Having one of the strongest FM radio signals in the world is reflected in 94.9 HOM's name. HOM stands for High On the Mountain. That mountain of course is Mount Washington with a height of over 6000 feet which gives HOM its massive coverage area. Having a transmitter that high on a mountain that is not easy to access quickly is contributed to HOM going off the air on

On February 9, 2003 around 4 p.m. a fire broke out in the power house. The HOM Program Director at the time, Tim Moore, was listening to the station in his office when he heard the station slowly fade away to static. What he didn't know at the time is that the HOM transmitter was part of the blaze and as it burned the signal slowly died.

As the fire house burned, the electricity went out and the crew at the Mount Washington Observatory had to be evacuated.

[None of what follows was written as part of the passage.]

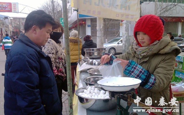 在秦安縣青年路,記者看到手工湯圓也格外受歡迎,銷售攤位前絡繹不絕!跋啾人賰鰷珗A來說,手工湯圓的很實惠,而且還可以同時買好幾種不同口味的湯圓!闭谶x購湯圓的市民孫女士對記者說。

Not only was HOM's transmitter destroyed, so was WPKQ's transmitter and a transmitter for Channel 8 WMTW.

Tim Moore via Facebook
Tim Moore via Facebook

Now the challenge was to figure out a way to keep HOM on the air without a transmitter in an age where online streaming was in its infancy.

Tim Moore via Facebook
Tim Moore via Facebook

It took a lot of work to make it happen, but through the help of many engineers and even HOM's competitors, they found a way to get HOM back on the air, even though the signal was significantly less powerful until rebuilding could happen on the summit.

Tim Moore recalled that day 19 years ago with a Facebook post:

19 years ago today---WHOM's (and WMTW-TV's) Transmitter building caught fire on the summit of Mt. Washington---an incredible day--and the start of a year-long journey to recover---I salute all the incredible engineers (from all the area radio and TV stations-even competitors) who joined together to get us back on the air and braved some pretty crappy weather to improvise ways for us to resume broadcasting.


Long time HOM sales executive Kelly Lloyd also recalled that day:

19 years ago today was the fire on top of Mount Washington that took our towers down. Amazing how quickly engineers and so many others got us back up and running. I did not lose one cent of business... Just goes to show you how well we took care of our clients and how dedicated they are to us."

The building was rebuilt, a new transmitter was installed and nearly 20 years later, HOM is still here with one of the largest FM signals in the world as it has been for over 60 years. "We're High On the Mountain!"